Liebe Seniorinnen und Senioren,

tagtäglich müssen wir aus den Nachrichten erfahren, wie sich die Zahlen der mit dem Covid-Virus angesteckten Menschen erhöht. Auch wenn es in unserem Seniorenzentrum St. Elisabeth noch keinen positiven Fall gibt, macht diese Tatsache mir und sicher auch Ihnen allen Angst. Wir stehen unter Fremdbestimmung, die Besuche und das öffentliche Leben werden wieder eingeschränkt und Unbehagen macht sich breit.

Wie können wir diese unangenehme Situation annehmen und aushalten?

Ich habe in meinem Leben so oft erlebt, dass alles, was ich als Gottes Weg angenommen habe, sich auch unter schwierigsten Bedingungen, in Wohlgefallen aufgelöst hat. Wohlgefallen nicht in dem Sinn, dass dieser Virus plötzlich verschwindet, sondern dass wir das HEUTE annehmen können ohne Bitterkeit.

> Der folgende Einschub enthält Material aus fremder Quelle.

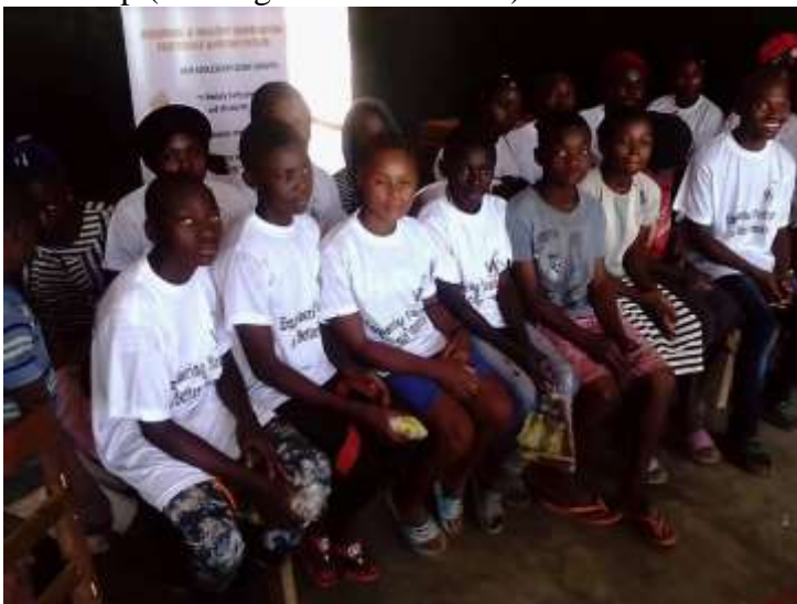
cross section of adolescents during routine clinic

VAHA currently runs an adolescent clinic in the Ndop (NW region of Cameroon). The aim of this project is to empower young boys and girls in crises zones to take control over their sexual and reproductive health and rights to reduce sexual violence and new infections of HIV and other STDs in the community. In 2019 VAHA was able to get over 150 adolescents counselled and screened for HIV/AIDS. Two of whom were tested positive for the virus and enrolled in the treatment center. This year VAHA has had over 300 adolescents benefited from its rural adolescent clinic.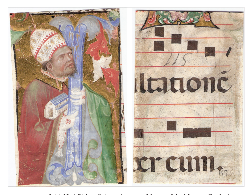
FIGURE 10. Initial I: A Bishop-Saint and reverse, Master of the Murano Gradual, about 1420s. Plzen, Západoceské Muzeum, Inv. 2972.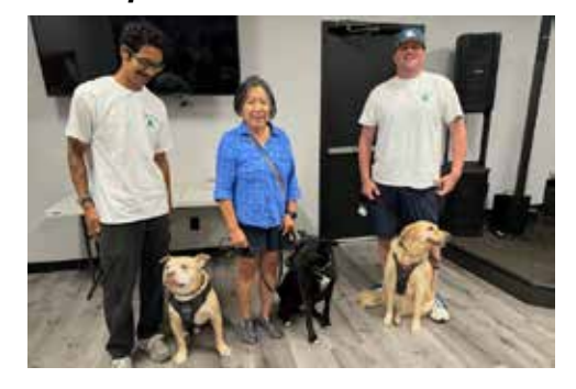
Special thank you to the representatives from Shelter to Soldier for stopping by trivia night!

Liebe Seniorinnen und Senioren. Bringen Sie Ihre Angst und Ihre Sehnsucht nach Nähe vor Gott im Gebet. Ja, werfen Sie sich Jesus buchstäblich in die Arme und sagen Sie jeden Tag: „Jesus, ich vertraue auf Dich!“ Schon dieses kleine Gebet kann helfen, dass unser Herz ruhig wird, tiefer Frieden sich breit macht und wir uns nicht mehr so in die Enge getrieben fühlen.

Suchen Sie sich jeden Tag Momente oder Situationen, für die Sie Gott dankbar sein können. Das kann ein gut gemeintes Lächeln sein, ein nettes Gespräch oder auch die Natur im Garten, die sich jetzt ja in wunderbaren Herbstfarben zeigt. Freuen Sie sich, wenn die Sonne scheint oder über ein bezauberndes Abendrot. Das sind kleine Aufmunterungen die, wenn wir dafür danken, zu friedlichen Momenten in unserem Herzen werden können. Nutzen Sie Telefongespräche, um mit Ihren Lieben in Verbindung zu treten und helfen Sie sich gegenseitig – so gut es geht.

Ich glaube ganz fest, dass wir als dankbare Menschen mit dieser besonderen Situation besser klar kommen. Gott ist immer auf unserer Seite, er nimmt uns unsere Zweifel und unsere Verzweiflung ab und will, dass wir jeden Tag die wunderbaren Geschenke seiner Liebe wahrnehmen in den kleinsten Dingen und dass unser Leben so schön wie möglich wird.

Das Pflegepersonal und die Heimleitung tun ihr Möglichstes, damit Ihr Tag so schön wie möglich wird. Bitte halten Sie alle zusammen und helfen Sie sich gegenseitig. Ich bitte um Ihr Verständnis, dass viele Termine, die Abwechslung in Ihren Tag gebracht haben, ausfallen müssen. Diese freie Zeit können Sie sinnvoll nutzen und vielleicht mal wieder ein Buch lesen oder sich dem so dringenden Rosenkranzgebet für die Heilung der Welt widmen.

Sie dürfen sicher sein, dass ich jeden Tag mit Ihnen allen bete und Sie in jede Heilige Messe mit hineinnehme.

Machen wir alle das Beste aus dieser Situation!

Lassen Sie uns trotzdem oder gerade deswegen dankbare Menschen sein!

Gott lässt uns NIE allein!

Ich grüße und segne Sie alle aus dem Pfarrhaus.